O Cristo Redentor é um bairro localizado, também, no Grande Pirambu. No primeiro semestre de 2010, um amigo que pesquisa cultura popular, me convidou

para fazer uma visita ao bairro, no dia que haveria a apresentação de um Boi. Tratava-se do Boi Juventude do Mestre Ciro, conhecido daquela área da cidade com mestre da cultura. O Boi do Mestre Ciro é reconhecido pelo Ministério da Cultura e recebe apoio do Banco do Nordeste e outras entidades, mas a sede do grupo localizava-se na casa do Mestre Ciro, justamente onde as habitações estavam sendo demolidas para ceder lugar a passagem do novo projeto que havia substituído o Costa-Oeste, o Projeto Vila do Mar. Então fiquei interessada em assistir a apresentação e conversar com o Mestre Ciro sobre como estava sendo o processo de negociação da sua casa.

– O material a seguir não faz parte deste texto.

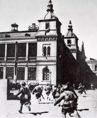 ▲1949年1 月25日,东野将士攻入国民党天津警备司令部(原日租界大和公园内日本公会堂,今天津和平区八一礼堂附近)。在强大的攻势和猛烈的炮火、重重的包围下,到1月15日下午3点,历经29个小时,共歼敌13万人,活捉天津守敌司令陈长捷等人,迎来了天津战役的胜利。
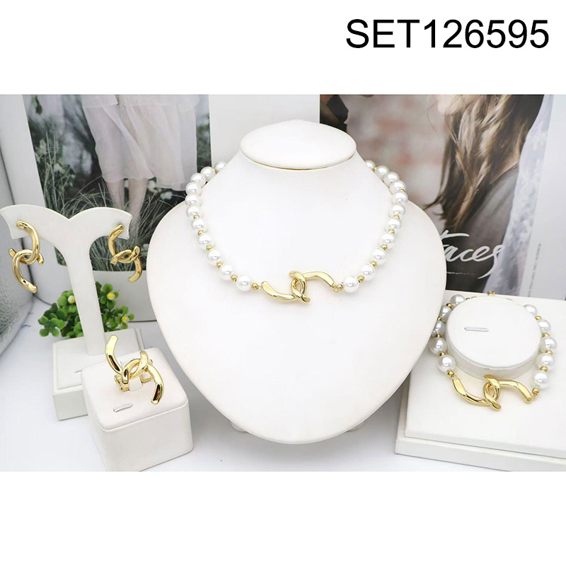 Level B Stainless Steel New Trendy Women Jewelry Pearl Style/Plastic Beads Golden 4pcs SET
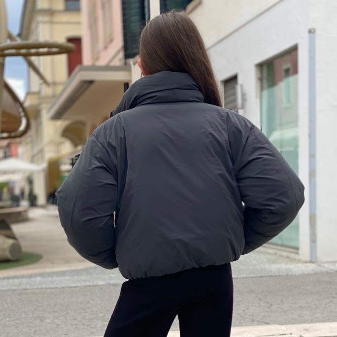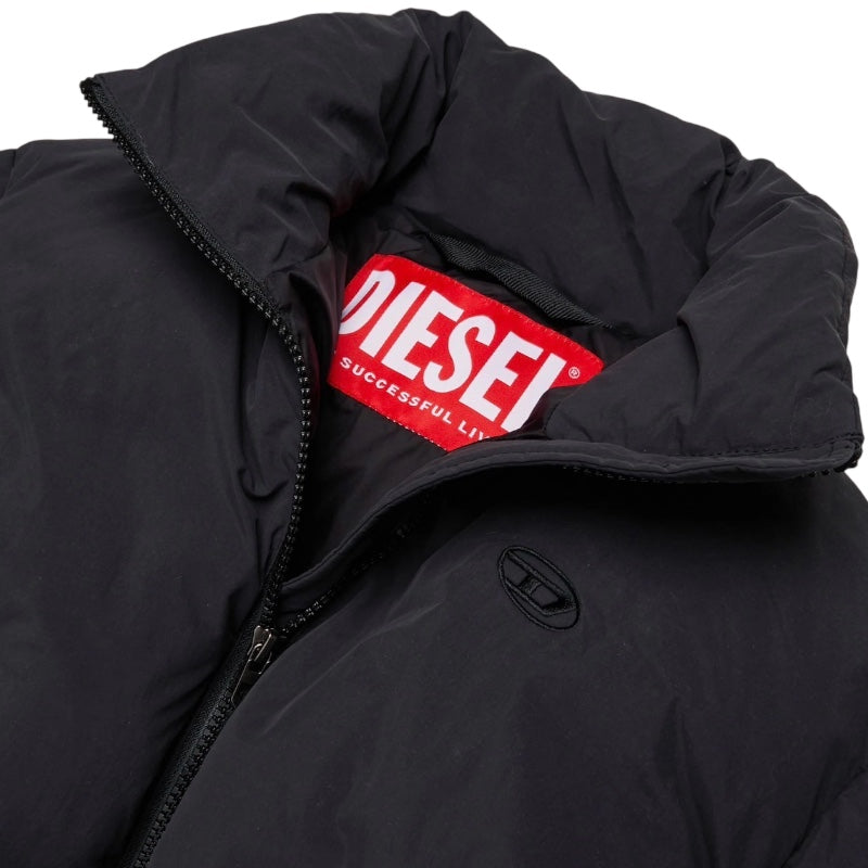 Diesel piumino corto nero in tessuto tecnino nero opaco, da ragazza.
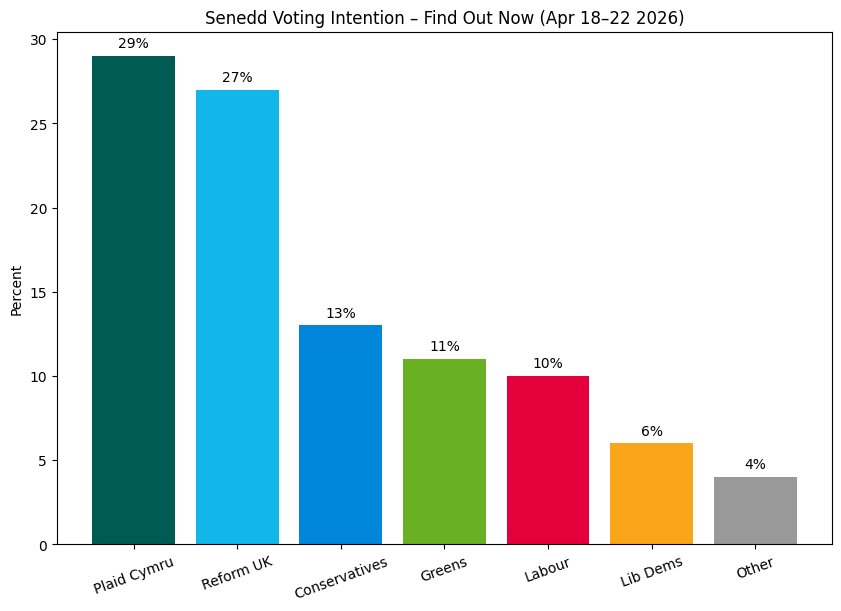 While both polls point to Plaid Cymru leading the field, the Find Out Now survey indicates a tighter contest with Reform UK and a sharper decline in Labour support, underlining the volatility of the race ahead of polling day.

O Mestre Ciro me falou que a ocupação da orla do Cristo Redentor ocorreu no início da década de 1970, período no qual, a sua família se mudou da Praia das Goiabeiras para o novo bairro. O Mestre Ciro era casado e tinha filhos e netos, aprendeu a tradição da cultura do Boi como o seu pai que havia aprendido com o seu avô no Sertão.

Percebi que o Boi Juventude era uma grande diversão para a população do bairro que assistia a apresentação das calçadas e janelas de suas casas. Além disso, o Boi Juventude reunia participantes de todas as idades: crianças, adolescentes, adultos e idosos.

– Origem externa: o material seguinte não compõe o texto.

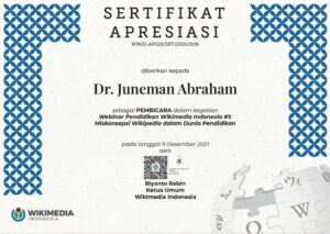 Dr. Juneman Abraham Psikolog sosial dan Profesor/Guru Besar, Psikologi, BINUS University. Pada 2015-2016, ia memperoleh hibah penelitian dari Pemerintah Indonesia (c.q. Kementerian Riset, Teknologi, dan Pendidikan Tinggi RI) untuk topik Otentisitas yang Tidak Otentik: Pengaruh Counterfeit Self Terhadap Perilaku Koruptif (Studi Proses Psikologis Perilaku Koruptif. Pada 2017, Harian Bernas pernah meliputnya sebagai seorang tokoh dalam rubrik Bernas Inspirator, serta mewawancarainya mengenai proses kejiwaan yang menghasilkan tingkah laku korupsi. Pada 2018, ia menghasilkan Gim Pengambilan Keputusan dalam konteks Corruption Game, yang terdaftar pada 2020 dalam Pencatatan Ciptaan oleh Ditjen Kekayaan Intelektual, Kementerian Hukum dan HAM. Pada 2019, ia diundang sebagai mitra bestari Jurnal Antikorupsi INTEGRITAS oleh Komisi Pemberantasan Korupsi (KPK). Pada 2020, ia berbicara dalam sebuah forum ilmiah internasional sebagai pembicara kunci dengan tajuk Psikologi Korupsi: Sejauh Mana Kita Telah Bergerak dalam Riset. Di samping itu, ia juga melakukan sejumlah perbincangan edukatif dengan masyarakat mengenai psikologi korupsi. Tulisan-tulisannya tentang topik ini turut direpublikasi oleh situs web Bung Hatta Anti-Corruption Award (BHACA). Pada 2021, ia menulis di Koran Tempo mengenai kontroversi Tes Wawasan Kebangsaan di KPK dari sudut pandang psikologi, dan memberikan Psikoedukasi Antikorupsi di Kementerian Keuangan RI. Pada 2022, ia memeringati HAKORDIA (Hari Antikorupsi Sedunia) dengan menulis 'Fake behavior strikes a chord with the corrupt'. Pada 2023, ia menerbitkan buku Melawan Korupsi Ilmu: Trajektori Sains Terbuka dan Psikoinformatika (ISBN 9786230273223). Meskipun keahlian spesialisnya adalah psikologi korupsi dan integritas, ia juga merupakan seorang generalis. Ia menaruh minat serta aktif melakukan ragam penelitian berkaitan dengan psikoinformatika, psikologi kebijakan publik, dan tema-tema psikologi sosial pada umumnya. Sebagai seorang advokat Sains Terbuka di Indonesia, ia menjadi pembicara tamu untuk Global Minds 2019 di KU Leuven dengan topik Penerbitan Akses Terbuka di Indonesia serta memberikan pandangan sesuai bidang keahliannya tentang apakah kebijakan riset dan publikasi di Indonesia berpihak pada keterbukaan pengetahuan. Ia menulis bersama teman-temannya untuk menyerukan Demokratisasikan Pengetahuan, Bebaskan Pengetahuan (sebuah kolaborasi penerjemahan), Bebaskanlah Mereka, serta Waspadai Sains Terbuka Palsu. Aktivitas akademiknya sebagai penelaah berbagai artikel ilmiah pada tingkat nasional dan internasional memperoleh rekognisi dari Publons (bagian dari Web of Science) sebagai penerima dua buah Awards, yakni Top Reviewers in Multidisciplinary (2017) dan Top Reviewers in Cross-Field (2018). * Puisi favorit: “Hujan Bulan Juni” (Sapardi Djoko Damono); Pandangan politik: Lihat syair lagu “Imagine” (John Lennon).

A imagem dos escombros, restos de casas demolidas, onde predominava a cena da destruição de parte de um bairro, contrastava-se com a visão do Oceano Atlântico que se expandia no horizonte. No meio dessa imagem desordenada, apresentavam-se os integrantes do Boi Juventude: crianças, adolescentes, homens e mulheres, adultos e idosos, todos fantasiados, brincando, cantando e dançando num mesmo ritmo, como se fizessem parte de um só corpo. Cenas de degradação e de pobreza misturavam-se a alegria e a vitalidade. A potência de um povo que resiste era narra através da beleza de sua manifestação folclórica manifestação folclórica.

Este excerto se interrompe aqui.